= Daniel Sharfstein =

Legal scholar

Daniel J. Sharfstein is a professor of law and history at Vanderbilt University and a legal scholar who has written books and articles about the legal history of the United States and African Americans as well as Oliver Otis Howard and the war against Nez Perce. He was a 2013 Guggenheim Fellow.

He graduated from Harvard College and then worked for 3 years as a journalist. He received his Juris Doctor degree from Yale Law School, clerked for judge Dorothy W. Nelson at the U.S. Court of Appeals for the Ninth Circuit and for judge Rya W. Zobel of the U.S. District Court for the District of Massachusetts. He was an associate at Strumwasser & Woocher, a public interest law firm in Santa Monica, California.

He is the director of the George Barrett Social Justice Program at Vanderbilt. He delivered the Edward L. Prichard lecture at the University of Kentucky in 2019.
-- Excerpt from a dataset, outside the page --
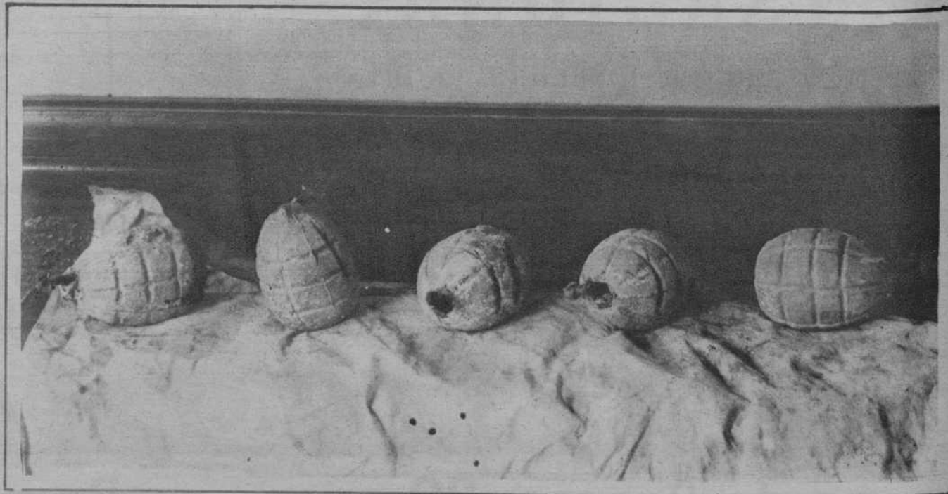
Las cinco bombas abandonadas ayer, de madrugada, en la calle de Cortes, junto a los cuarteles en construcción, por unos individuos a quienes la policía dió el alto, huyendo aquéllos sin poder ser habidos, después de cruzar varios disparos con la fuerza pública.

In 2021 he was researching a book on New York's garment workers.

==Selected bibliography==
- Sharfstein, Daniel J (2012). "Atrocity, Entitlement, and Personhood in Property" Winner of the Association of American Law Schools 2011 Scholarly Papers Competition.
- Sharfstein, Daniel J. (2011). "The Invisible Line: Three American Families and the Secret Journey from Black to White" Winner of the 2012 J. Anthony Lukas Book Prize for excellence in non-fiction, Law & Society Association 2012 James Willard Hurst Jr. Prize for socio-legal history, William Nelson Cromwell Book Prize from the American Society for Legal History, and the Chancellor’s Award for Research from Vanderbilt.
- Sharfstein, Daniel J. (2017). "Thunder in the Mountains: Chief Joseph, Oliver Otis Howard and the Nez Perce War"
- Sharfstein DJ. "Reading American Anarchy as a Legal History of Immigrants: Forum on Willrich’s American Anarchy" Law and History Review. 2025;43(1):189-194.